La Jornada, 17 de diciembre de 2013
Para cambiar el país no hacen falta argumentos ni razones. No se requiere convencer ni consensuar. Basta con vencer. Las nuevas leyes se aprueban a la fuerza. Pasan porque pasan. Esa es la marca de la casa Atlacomulco. Así ha sido siempre en el estado de México. Así fue durante el año que está a punto de terminar.
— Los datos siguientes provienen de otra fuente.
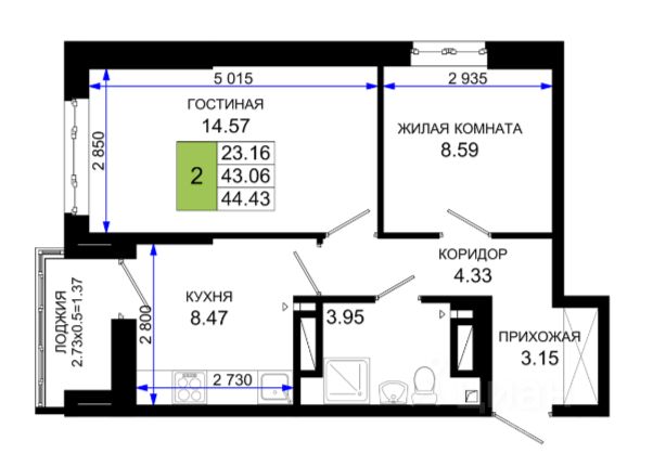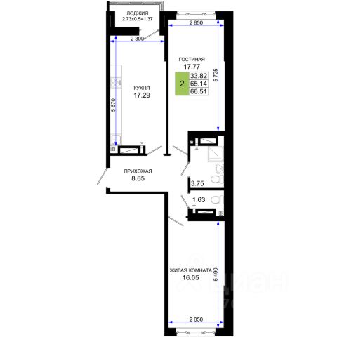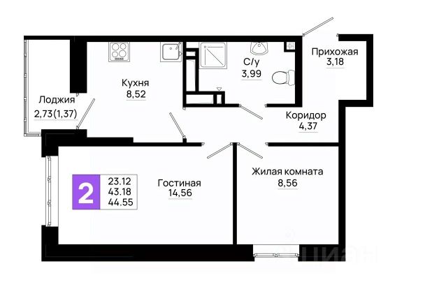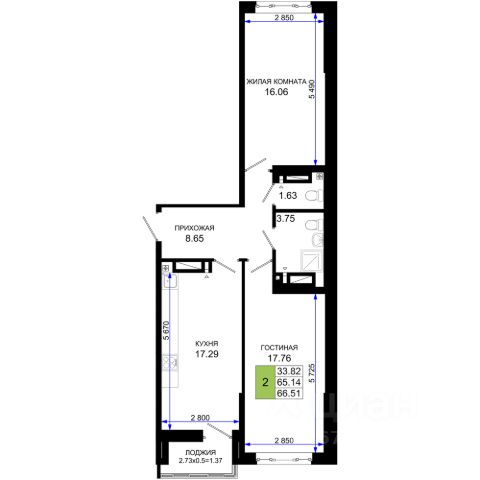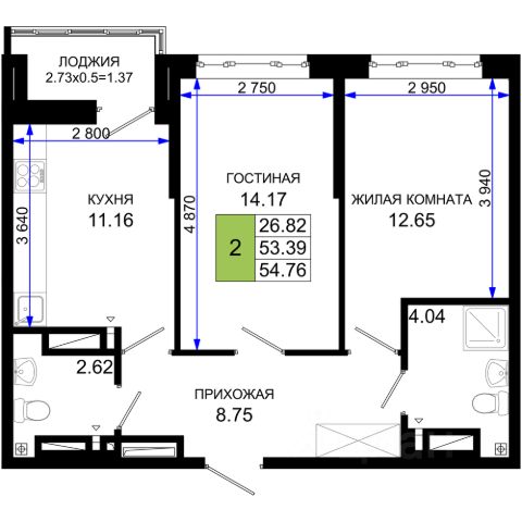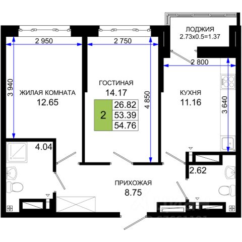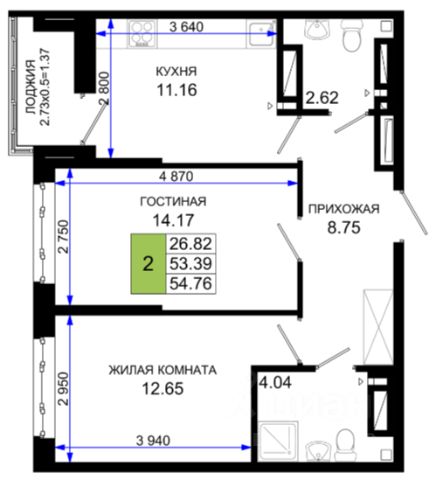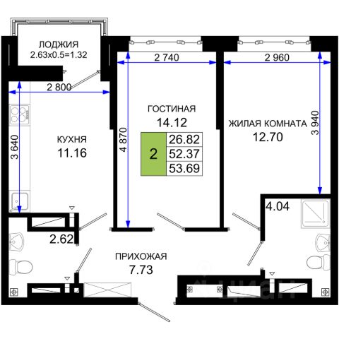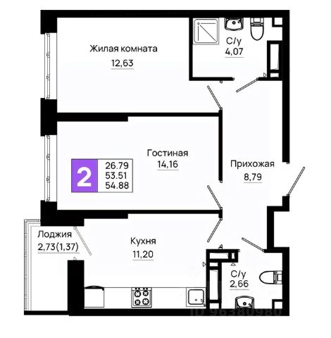 Двухкомнатная квартира площадью 53,7 кв.м расположена на 15 этаже современного жилого комплекса.

La imagen no deja lugar a dudas. En los estados, gases lacrimógenos, desalojos y toletazos contra manifestantes que rechazan la privatización petrolera. En la ciudad de México, vallas metálicas y cerco de granaderos y policías federales alrededor del Senado y la Cámara de Diputados. En todo el país, aprobación vía rápida, sin debate, de la reforma constitucional energética.
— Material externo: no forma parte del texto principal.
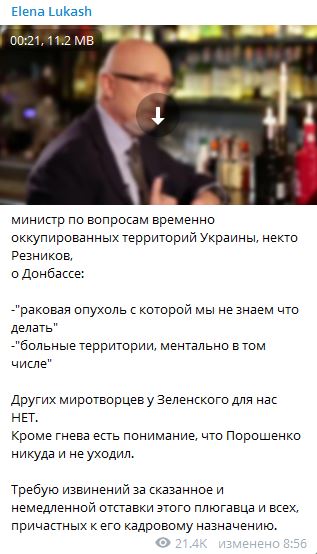 "министр по вопросам временно оккупированных территорий Украины, некто Резников,

Para transformar México hay que restaurar la presidencia imperial, sostienen el nuevo PRI y sus apologistas. No importa el desaseo parlamentario, ni llenar la Constitución de parches e incongruencias, ni hacer votar a los legisladores dictámenes que desconocen, ni que el país se crispe aún más. Lo central es cumplir con las instrucciones del hombre de Los Pinos.
Presidencia imperial fue un concepto acuñado por Arthur Schlesinger Jr, historiador y asistente especial del presidente John F. Kennedy, en un libro del mismo nombre, que le hizo ganar el Premio Pulitzer. Enrique Krauze lo utilizó tiempo después para describir la naturaleza del presidencialismo mexicano bajo el reinado del PRI.
Durante 2013, el Ejecutivo ha ido controlando todos y cada uno de los hilos de poder. La lista es enorme. Ha sometido a los otros poderes de la unión a su conducción, disciplinado a los gobernadores, decidido quiénes son los dirigentes de los partidos de oposición con quienes tratará, centralizado aspectos medulares del gasto público para definir quiénes hacen o no negocios, encarcelado a líderes sindicales oficialistas, recentralizado las plazas del sector educativo que eran responsabilidad de los estados y concentrado la adquisición de medicamentos para el sector público.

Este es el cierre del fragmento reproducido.